▸ AIM OF THE EXERCISE
Give back an exact repetition of the material below, from its first line through the line that contains "12月19日,重庆工商大学第", both included, minus the pictures.

-------- GIVEN MATERIAL --------

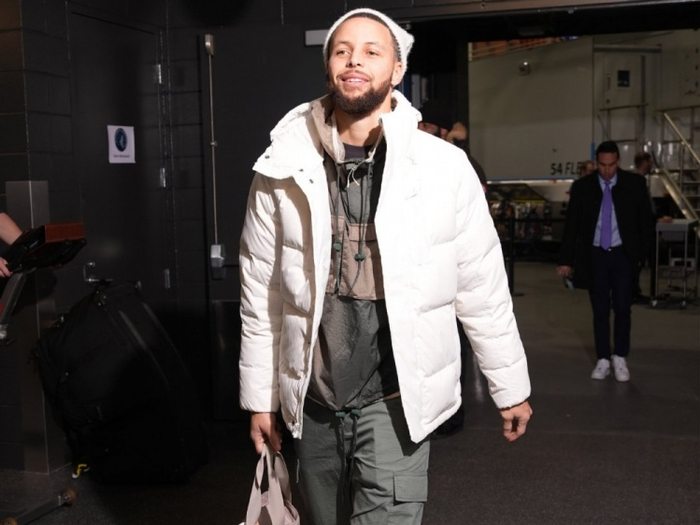 勇士入场穿搭:库里极简米色羽绒服+小帽 卢尼这身好酷
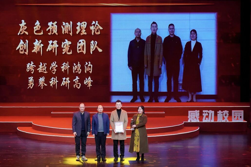 12月19日,重庆工商大学第十四届“感动校园人物”颁奖典礼在学校剧场隆重举行,我院灰色预测理论创新研究团队凭借其跨学科科研攻坚的卓越贡献,荣获本届“感动校园人物”称号。党委常委、副校长张波为团队颁奖,全校师生共同见证了这一荣誉时刻。
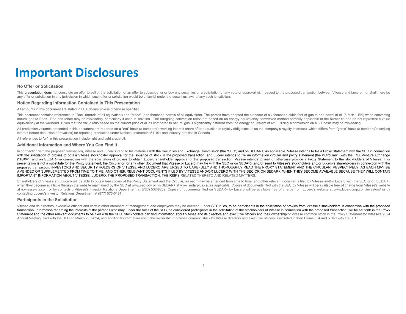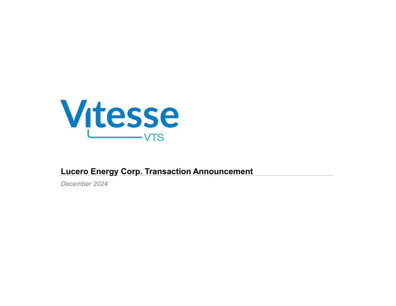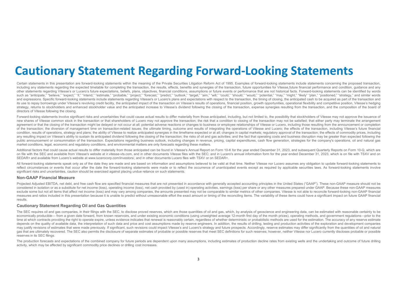2 No Offer or Solicitation This presentation does not constitute an offer to sell or the solicitation of an offer to subscribe for or buy any securities or a solicitation of any vote or approval with respect to the proposed transaction between Vitesse and Lucero, nor shall there be any offer or solicitation in any jurisdiction in which such offer or solicitation would be unlawful under the securities laws of any such jurisdiction. Notice Regarding Information Contained in This Presentation All amounts in this document are stated in U.S. dollars unless otherwise specified. This document contains references to "Boe" (barrels of oil equivalent) and "Mboe" (one thousand barrels of oil equivalent). The parties have adopted the standard of six thousand cubic feet of gas to one barrel of oil (6 Mcf: 1 Bbl) when converting natural gas to Boes. Boe and Mboe may be misleading, particularly if used in isolation. The foregoing conversion ratios are based on an energy equivalency conversion method primarily applicable at the burner tip and do not represent a value equivalency at the wellhead. Given that the value ratio based on the current price of oil as compared to natural gas is significantly different from the energy equivalent of 6:1, utilizing a conversion on a 6:1 basis may be misleading. All production volumes presented in this document are reported on a "net" basis (a company's working interest share after deduction of royalty obligations, plus the company's royalty interests), which differs from "gross" basis (a company’s working interest before deduction of royalties) for reporting production under National Instrument 51-101 and industry practice in Canada. All references to "oil" in this presentation include light and tight crude oil. Additional Information and Where You Can Find It In connection with the proposed transaction, Vitesse and Lucero intend to file materials with the Securities and Exchange Commission (the “SEC”) and on SEDAR+, as applicable. Vitesse intends to file a Proxy Statement with the SEC in connection with the solicitation of proxies to obtain Vitesse stockholder approval for the issuance of stock in the proposed transaction, and Lucero intends to file an information circular and proxy statement (the "“Circular"”) with the TSX Venture Exchange (“TSXV”) and on SEDAR+ in connection with the solicitation of proxies to obtain Lucero shareholder approval of the proposed transaction. Vitesse intends to mail or otherwise provide a Proxy Statement to the stockholders of Vitesse. This presentation is not a substitute for the Proxy Statement, the Circular or for any other document that Vitesse or Lucero may file with the SEC or on SEDAR+ and/or send to Vitesse’s stockholders and/or Lucero’s shareholders in connection with the proposed transaction. INVESTORS AND SECURITY HOLDERS OF VITESSE AND LUCERO ARE URGED TO CAREFULLY AND THOROUGHLY READ THE PROXY STATEMENT AND THE CIRCULAR, RESPECTIVELY, AS EACH MAY BE AMENDED OR SUPPLEMENTED FROM TIME TO TIME, AND OTHER RELEVANT DOCUMENTS FILED BY VITESSE AND/OR LUCERO WITH THE SEC OR ON SEDAR+, WHEN THEY BECOME AVAILABLE BECAUSE THEY WILL CONTAIN IMPORTANT INFORMATION ABOUT VITESSE, LUCERO, THE PROPOSED TRANSACTION, THE RISKS RELATED THERETO AND RELATED MATTERS. Shareholders of Vitesse and Lucero will be able to obtain free copies of the Proxy Statement and the Circular, as each may be amended from time to time, and other relevant documents filed by Vitesse and/or Lucero with the SEC or on SEDAR+ when they become available through the website maintained by the SEC at www.sec.gov or on SEDAR+ at www.sedarplus.ca, as applicable. Copies of documents filed with the SEC by Vitesse will be available free of charge from Vitesse’s website at ir.vitesse-vts.com or by contacting Vitesse’s Investor Relations Department at (720) 532-8232. Copies of documents filed on SEDAR+ by Lucero will be available free of charge from Lucero’s website at www.lucerocorp.com/investors/ or by contacting Lucero’s Investor Relations Department at (877) 573-0181. Participants in the Solicitation Vitesse and its directors, executive officers and certain other members of management and employees may be deemed, under SEC rules, to be participants in the solicitation of proxies from Vitesse’s stockholders in connection with the proposed transaction. Information regarding the interests of the persons who may, under the rules of the SEC, be considered participants in the solicitation of the stockholders of Vitesse in connection with the proposed transaction, will be set forth in the Proxy Statement and the other relevant documents to be filed with the SEC. Stockholders can find information about Vitesse and its directors and executive officers and their ownership of Vitesse common stock in the Proxy Statement for Vitesse’s 2024 Annual Meeting, filed with the SEC on March 20, 2024, and additional information about the ownership of Vitesse common stock by Vitesse directors and executive officers is included in their Forms 3, 4 and 5 filed with the SEC. Important Disclosures

--------

▸ RESULT OF THE EXERCISE
 勇士入场穿搭:库里极简米色羽绒服+小帽 卢尼这身好酷
 12月19日,重庆工商大学第十四届“感动校园人物”颁奖典礼在学校剧场隆重举行,我院灰色预测理论创新研究团队凭借其跨学科科研攻坚的卓越贡献,荣获本届“感动校园人物”称号。党委常委、副校长张波为团队颁奖,全校师生共同见证了这一荣誉时刻。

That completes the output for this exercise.